The relocation to Mt Hampden came 100 years after the first Parliament established by the colonial government used the old building in Harare’s central business district in 1923.

However, the tension that characterised the opposition CCC in the run up to the harmonised elections, which it lost, eventually came to the fore soon after legislators were sworn-in when a faction led by the party’s secretary general, Mr Sengezo Tshabangu, recalled 15 legislators.

In his letter of recall, Mr Tshabangu said the legislators had ceased to be members of the CCC, amid allegations they had been imposed on the electorate in the run-up to the elections by party leader Mr Nelson Chamisa, exposing the shortcomings of his “strategic ambiguity” stance he had adopted.

Before the dust had settled following the initial recalls, Mr Tshabangu struck again, recalling a further 18 legislators from both the National Assembly and Senate.

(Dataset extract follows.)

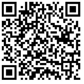
Catholic Welfare Services

<u>DONATIONS</u> FOR THE UNDERPRIVILEGED - Please continue to support the Catholic Welfare Services financially as we minister to the poor and needy in our midst irrespective of race or creed. Parishioners may donate to C.W.S. via S Pay Global by scanning this QR code. Verify that the recipient is 'Catholic Welfare Services' before confirming the transaction. Parishioners may also do online transfer or cash deposit to the following:

During by-elections held on December 9 to replace the recalled legislators, Zanu PF won seven of the nine contested seats, increasing its dominance in the National Assembly to 144 of the electable constituencies.

With more by-elections scheduled for February 3 this new year, the ruling party is expected to further enhance its majority in the National Assembly, with seemingly no end in sight to the factionalism rocking the CCC.

The faction led by Mr Tshabangu has fielded its own candidates to take part in the polls while the Mr Chamisa-led faction has defiantly deployed the recalled MPs to try and retain their seats through the by-elections.

However, in a clear exhibition of the confusion within the beleaguered party, both factions are using Mr Chamisa’s face as their logo with ballot papers set to bear the opposition leader’s image when they are printed.

The by-elections will be held in Pelandaba, Goromonzi South, Seke, Chegutu West, Zvimba East and Mkoba North constituencies.

Political analyst Mr Tinashe Tiki said the implosion in the CCC was evidence of the lack of grassroots connection in the beleaguered opposition party.

“The divisions within the CCC are an extension of the factional fights that have characterised the opposition party in its various guises since the formation of the MDC.

“As a foreign-sponsored party, it lacks connection with ordinary Zimbabweans as it answers to its sponsors in the West and lacks any ideological grounding,” he said.

Another analyst, Mr Goodwine Mureriwa, said the fights in the CCC vindicated the decision by Zimbabweans to reject it in last August’s polls. “The fights within the opposition party are about individuals and not about anything they want to offer the electorate.

“This shows that Zimbabweans were right to reject the opposition during the August 23 and 24 harmonised elections,” he said.

As a New Year begins today, many Zimbabweans — including Zanu PF supporters — are hopeful of new developments while for the CCC, it’s the fear of the Tshabangu axe.